* **TASK GOAL**
Setting pictures aside, output exactly the lines from the start of the records to the line with "Foto: kamerbewoning reguliere woning", that line included.
• • • • • • •
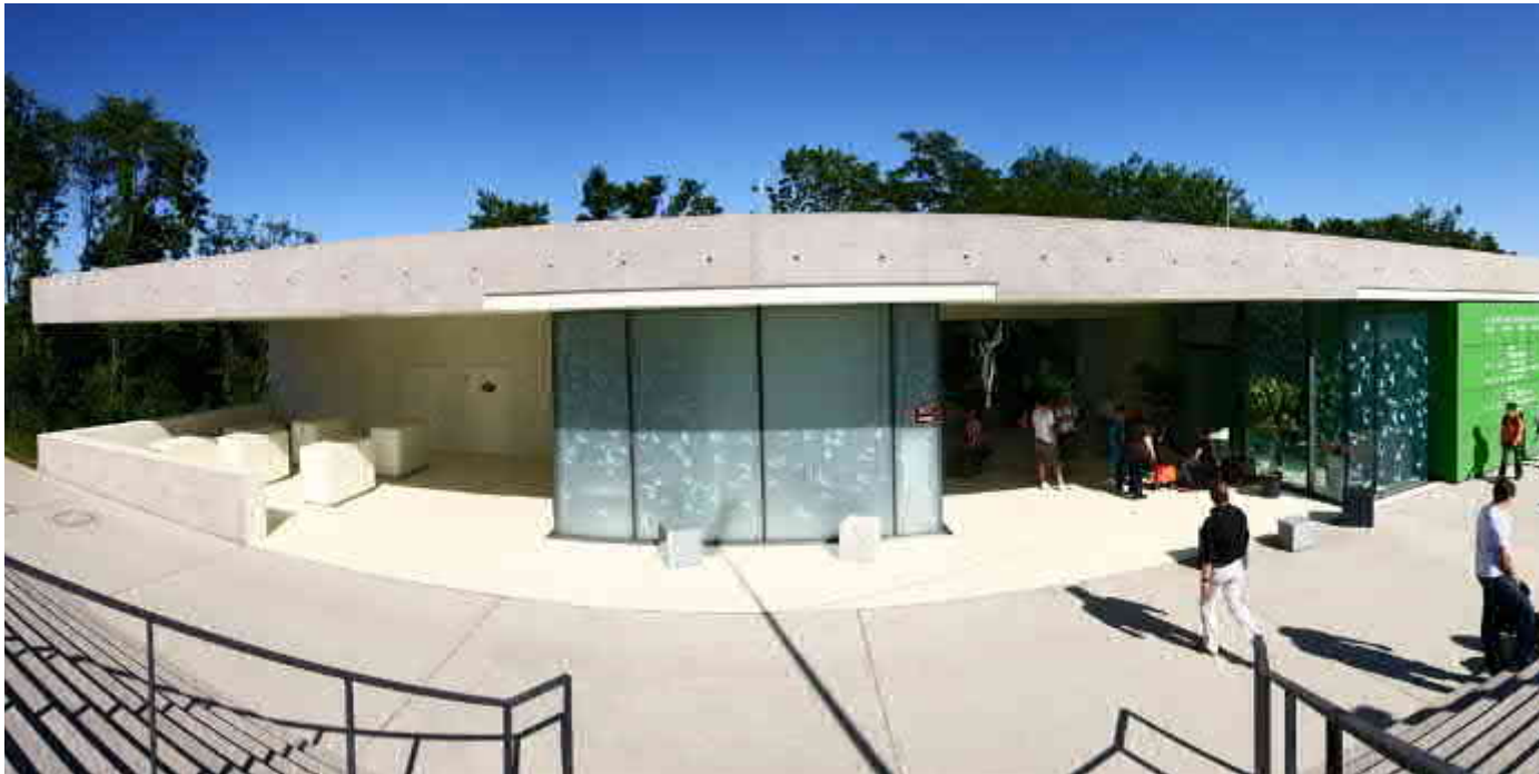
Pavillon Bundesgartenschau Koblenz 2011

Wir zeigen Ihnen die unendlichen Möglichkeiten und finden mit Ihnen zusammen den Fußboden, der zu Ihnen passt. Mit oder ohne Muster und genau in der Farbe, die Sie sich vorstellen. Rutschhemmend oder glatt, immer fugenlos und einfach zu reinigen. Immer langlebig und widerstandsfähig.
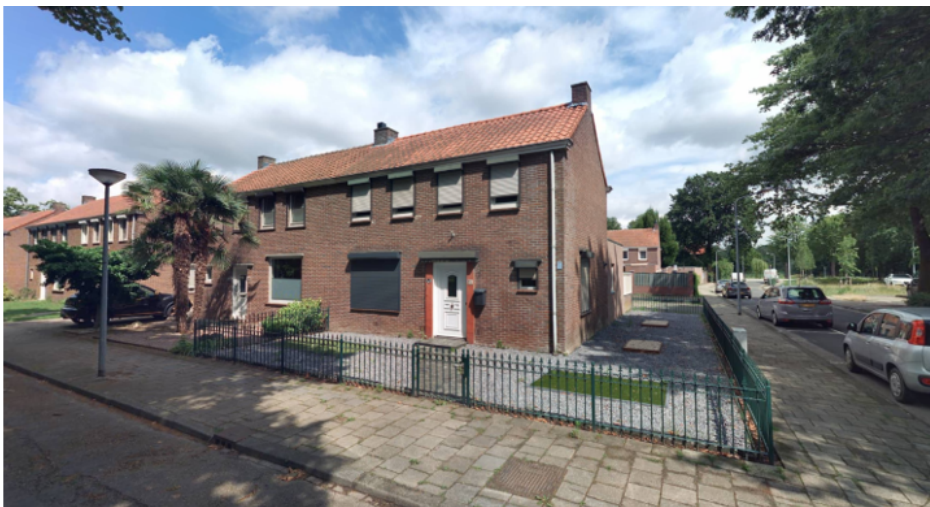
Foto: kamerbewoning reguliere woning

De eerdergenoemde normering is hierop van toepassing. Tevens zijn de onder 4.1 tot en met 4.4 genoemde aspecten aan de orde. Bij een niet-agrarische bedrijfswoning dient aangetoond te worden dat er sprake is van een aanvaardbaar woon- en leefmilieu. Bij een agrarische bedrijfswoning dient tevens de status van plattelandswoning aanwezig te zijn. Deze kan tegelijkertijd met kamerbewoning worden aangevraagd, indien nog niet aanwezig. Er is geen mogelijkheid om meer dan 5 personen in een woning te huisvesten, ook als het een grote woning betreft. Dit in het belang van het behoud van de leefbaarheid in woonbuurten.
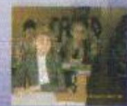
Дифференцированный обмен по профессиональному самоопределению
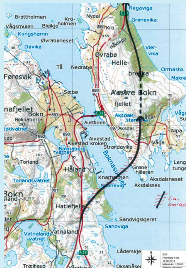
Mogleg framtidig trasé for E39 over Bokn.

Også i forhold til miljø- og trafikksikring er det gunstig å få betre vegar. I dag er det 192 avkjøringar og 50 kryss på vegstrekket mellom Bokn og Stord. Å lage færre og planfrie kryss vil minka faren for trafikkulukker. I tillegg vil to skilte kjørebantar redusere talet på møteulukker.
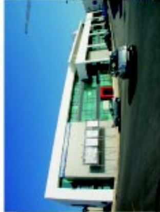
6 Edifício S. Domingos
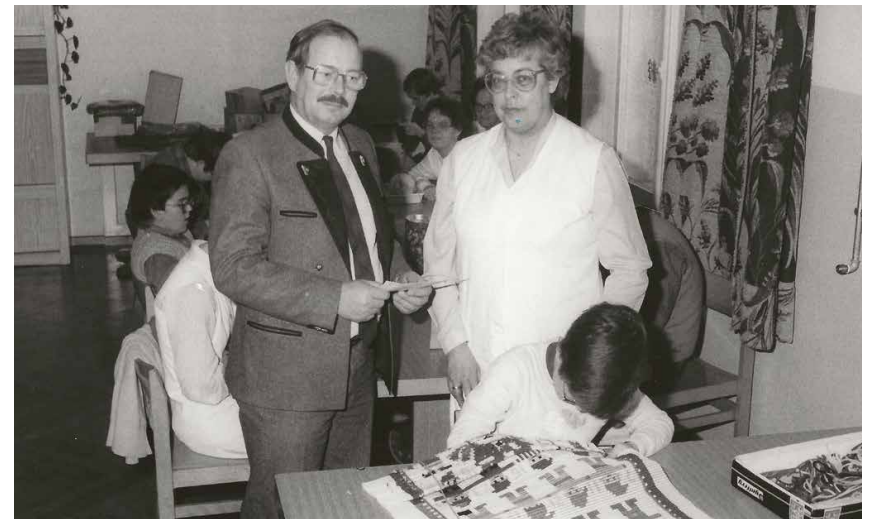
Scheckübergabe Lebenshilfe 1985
• • • • • • •
* **YOUR RESPONSE**
Pavillon Bundesgartenschau Koblenz 2011

Wir zeigen Ihnen die unendlichen Möglichkeiten und finden mit Ihnen zusammen den Fußboden, der zu Ihnen passt. Mit oder ohne Muster und genau in der Farbe, die Sie sich vorstellen. Rutschhemmend oder glatt, immer fugenlos und einfach zu reinigen. Immer langlebig und widerstandsfähig.
Foto: kamerbewoning reguliere woning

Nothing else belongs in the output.